Republican presidential candidate Nikki Haley boosted her net worth eight-fold — to $8 million — after leaving the Trump administration by giving paid speeches, writing books, and doing corporate consulting — partly in an effort to dig her parents out of crushing financial debt.
In 2018, Haley, the 51-year-old former governor of South Carolina, had a net worth of less than $1 million when she stepped down as then-President Donald Trump’s top envoy to the United Nations.
At the time, her parents — Ajit and Raj Randhawa — owed more than $1 million and were at risk of having their Lexington, S.C., home repossessed, according to Forbes.
Haley had less than $100,000 in her bank accounts while she was pulling down a salary of $185,000 per year — making it difficult to help her parents, Forbes reported.
The Randhawas were drowning in debt.
In 2000, they bought a 5,500-square-foot home near Lexington for $1.15 million — using a $920,000 loan from Bank of America to make the purchase, according to Forbes.
Three years later, Haley’s parents took out a $765,000 mortgage to help pay for a Lexington strip mall, which cost $1.3 million total.
In 2012, Haley’s father took out a second mortgage — increasing the debt load to $1.1 million against the strip mall.
At around the same time, it is believed that Raj Randhawa’s clothing business, Exotica International, went under.
Haley worked as her mother’s chief financial officer before embarking on a political career that began in 2004, when she was elected to the South Carolina House of Representatives.
In 2010, Haley was elected governor, making her a national figure. She parlayed her stature into a $475,000 advance for her first book, “Can’t Is Not An Option,” which was published by Penguin Books.
In 2014, Haley and her husband, college sweetheart Michael Haley, took out a $400,000 loan which they gave to her parents — using the parents’ home and the strip mall as collateral.
In 2017, the year Haley was picked by Trump to be US ambassador to the UN, Haley’s parents stopped paying back the loan from Bank of America on their home.
That same year, the Randhawas sold the strip mall to an LLC created by their son-in-law, Michael Haley, for $5 “and love and affection” — meaning that effectively the Haleys were assuming the $1.1 million of remaining debt against the property.
In November of that year, Bank of America began foreclosure proceedings, serving court documents to the Haleys, who were junior lenders on their Lexington home, as well as to her parents, according to Forbes.
A Bank of America representative tried to serve the two couples with papers, but there was nobody to receive them.
When they tried to serve then-Ambassador Nikki Haley at the US Mission building at the United Nations, a security guard turned them away, according to Forbes.

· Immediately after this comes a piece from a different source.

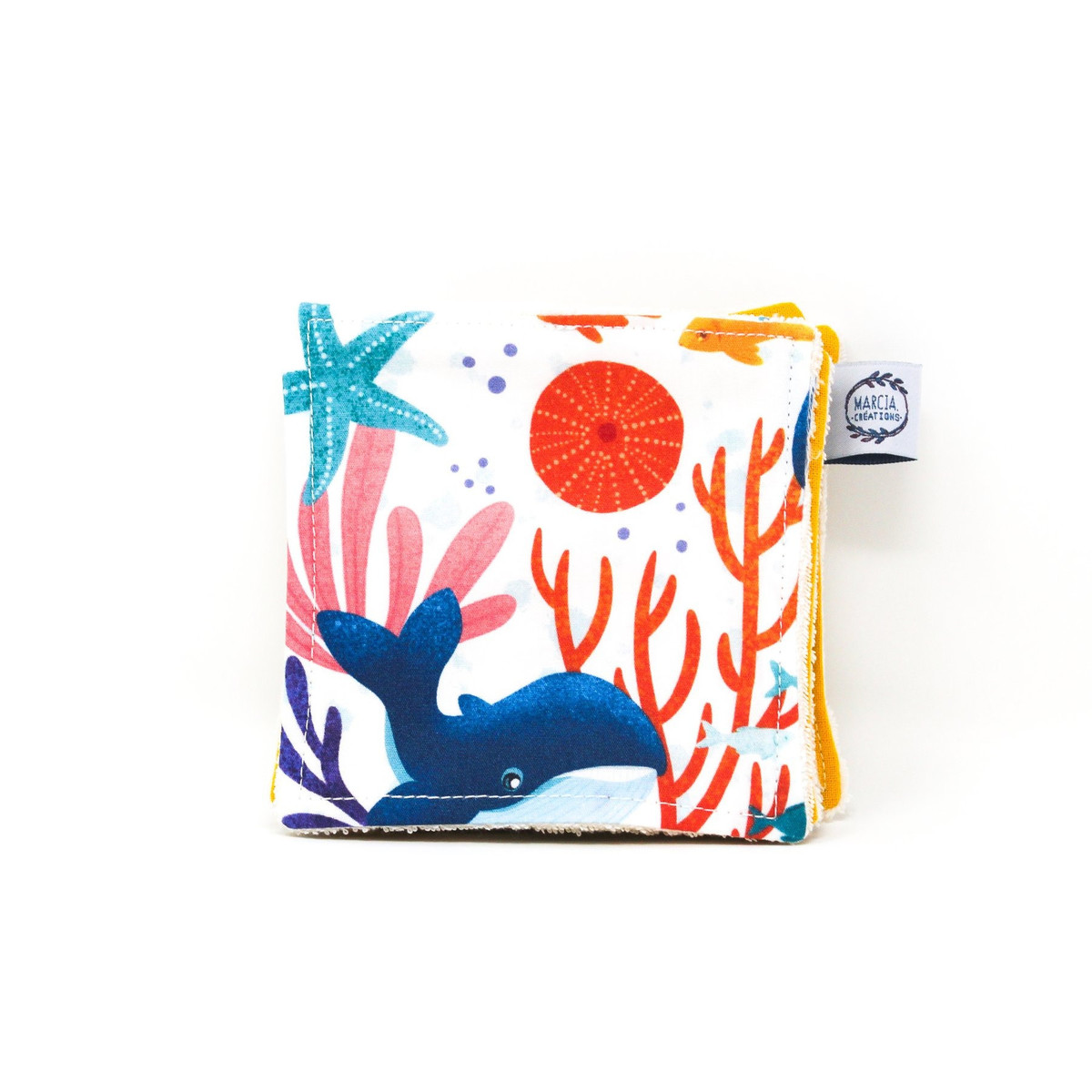 Les lingettes lavables sont indispensables dans une salle de bain zéro déchet. Ce modèle de lingettes réutilisables en coton bio est adapté pour la toilette et le change des bébés. Mais vous pouvez également les utiliser pour démaquiller votre visage de manière écoresponsable. Photo non contractuelle.

In January 2018, Michael Haley’s LLC, Ikor Systems, sold the strip mall to a developer for $1.3 million.
That same month, Nikki Haley released the mortgage against the strip mall.
In June of that year, Haley had the mortgage against her parents’ home canceled as well. It is not believe that she was paid back the $400,000 that she loaned her parents.
Bank of America dismissed Haley from the foreclosure proceedings, but she still needed to help her parents, who were in danger of losing their home.
Three months after her parents were served court papers, Haley quit the Trump administration.
Eventually, a court ordered her parents’ home to be sold at auction.
The home went for $863,000 — some $300,000 less than what they paid in 2000.
Haley began giving paid speeches in 2019.
Last year alone, she made at least 11 appearances — resulting in a total haul of $2.3 million, according to Forbes.
In 2019, she authored a memoir that has sold over 100,000 copies.
Last year, she wrote another book that included a $350,000 advance from the publisher.
That same year, Haley took out a $1.9 million mortgage to buy a four-bedroom, 5,700-square-foot home for $2.4 million on Kiawah Island in South Carolina.
Since then, the value of the property has doubled to around $4.7 million, according to Forbes.
Haley has also made more than $700,000 in consulting fees as well as more than $300,000 in cash and stock from aerospace giant Boeing, which appointed her to the board of directors in 2019.
Haley stepped down from Boeing’s board in 2020.
She is also a director for United Homes Group, which has paid her more than $250,000 — a sum that doesn’t include future equity grants and other perks, according to Forbes.
The Post reached out to Haley for comment.